It is hard to tell wether or not a movie can make money. It is common for giant block buster movies to flop on opening weekend reducing the returns to nothing. A recent example of this is "Turning Re", according to this article the budget for the film was 175 million usd. However, currently has only grossed only 20.1 million usd On the other hand, sometimes small productions can blow up and gross a lot of money. An example of this is the "Blair Witch Project" which according to this article despite only having a small budget of 60,000 usd it has grossed over 246 million usd.
Kaggle has a data set containing IMDB's top 250 movies with a load of features on each movie. Utilizing these features the goal would be to accurately predict a movies box office amount.
If we could correctly predict a movies success based of its features and it's budget it could help producers and film studios choose their projects better and not lose money. However, one issue with this is that it could lead to films only being made for profit while ignoring the art form.
Features that the Kaggle dataset has:
Some of these features are not really quantifiable, but are instead nominal.
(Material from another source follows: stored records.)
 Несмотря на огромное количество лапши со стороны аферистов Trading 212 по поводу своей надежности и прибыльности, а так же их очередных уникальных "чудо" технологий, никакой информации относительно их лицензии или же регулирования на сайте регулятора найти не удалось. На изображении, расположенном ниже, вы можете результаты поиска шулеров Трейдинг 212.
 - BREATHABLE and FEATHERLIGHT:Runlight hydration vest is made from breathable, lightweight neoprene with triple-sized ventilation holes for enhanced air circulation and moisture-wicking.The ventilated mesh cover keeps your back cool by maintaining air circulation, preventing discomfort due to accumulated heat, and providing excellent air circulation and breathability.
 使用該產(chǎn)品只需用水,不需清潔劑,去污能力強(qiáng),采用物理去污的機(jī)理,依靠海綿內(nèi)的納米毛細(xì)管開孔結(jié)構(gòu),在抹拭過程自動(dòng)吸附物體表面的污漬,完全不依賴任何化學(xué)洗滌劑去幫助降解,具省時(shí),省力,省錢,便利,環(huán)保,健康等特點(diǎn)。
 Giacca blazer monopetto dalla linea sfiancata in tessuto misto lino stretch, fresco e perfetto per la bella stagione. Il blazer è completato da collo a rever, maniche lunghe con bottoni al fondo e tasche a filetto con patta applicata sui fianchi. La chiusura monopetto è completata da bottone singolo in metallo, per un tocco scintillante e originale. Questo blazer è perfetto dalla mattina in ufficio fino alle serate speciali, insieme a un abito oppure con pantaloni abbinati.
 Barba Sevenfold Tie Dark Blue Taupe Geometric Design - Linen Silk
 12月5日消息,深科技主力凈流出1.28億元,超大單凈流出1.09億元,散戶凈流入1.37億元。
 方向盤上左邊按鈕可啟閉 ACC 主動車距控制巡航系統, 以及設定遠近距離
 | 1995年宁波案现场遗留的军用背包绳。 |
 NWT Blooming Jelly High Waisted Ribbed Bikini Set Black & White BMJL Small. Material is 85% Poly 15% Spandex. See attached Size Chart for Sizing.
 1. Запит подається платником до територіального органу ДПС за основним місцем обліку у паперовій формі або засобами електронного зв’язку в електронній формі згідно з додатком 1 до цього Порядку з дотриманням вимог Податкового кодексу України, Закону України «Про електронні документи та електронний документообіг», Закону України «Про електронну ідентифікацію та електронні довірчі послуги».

But we could still use it, because if certain directors or writers or even director writer combos lead to a higher chance of a higher boxoffice it could still be an indicator. Another potential issue, is that because these are the top 250 movies on IMDB, they could all be really good box office movies. However, we can still compare how much money proportionally was made to determine what makes the movie that makes the most money
rank | name | year | rating | genre | certicate | run_time | tag_line | budget | boxoffice | actors | directors | writers | |
---|---|---|---|---|---|---|---|---|---|---|---|---|---|
0 | 1 | The Shawshank Redemption | 1994 | 9.3 | Drama | R | 2h 22m | Fear can hold you prisoner. Hope can set you f... | 25000000 | 28884504 | Tim Robbins,Morgan Freeman,Bob Gunton,William ... | Frank Darabont | Stephen King,Frank Darabont |
1 | 2 | The Godfather | 1972 | 9.2 | Crime,Drama | R | 2h 55m | An offer you can't refuse. | 6000000 | 250341816 | Marlon Brando,Al Pacino,James Caan,Diane Keato... | Francis Ford Coppola | Mario Puzo,Francis Ford Coppola |
2 | 3 | The Dark Knight | 2008 | 9.0 | Action,Crime,Drama | PG-13 | 2h 32m | Why So Serious? | 185000000 | 1006234167 | Christian Bale,Heath Ledger,Aaron Eckhart,Mich... | Christopher Nolan | Jonathan Nolan,Christopher Nolan,David S. Goyer |
3 | 4 | The Godfather Part II | 1974 | 9.0 | Crime,Drama | R | 3h 22m | All the power on earth can't change destiny. | 13000000 | 47961919 | Al Pacino,Robert De Niro,Robert Duvall,Diane K... | Francis Ford Coppola | Francis Ford Coppola,Mario Puzo |
4 | 5 | 12 Angry Men | 1957 | 9.0 | Crime,Drama | Approved | 1h 36m | Life Is In Their Hands -- Death Is On Their Mi... | 350000 | 955 | Henry Fonda,Lee J. Cobb,Martin Balsam,John Fie... | Sidney Lumet | Reginald Rose |
We will use regression to estimate the box_office amount in proportion with the budget amount given the data. Although this is not a column we can create one that has it. Doing so will allow us to estimate future movies given the same data.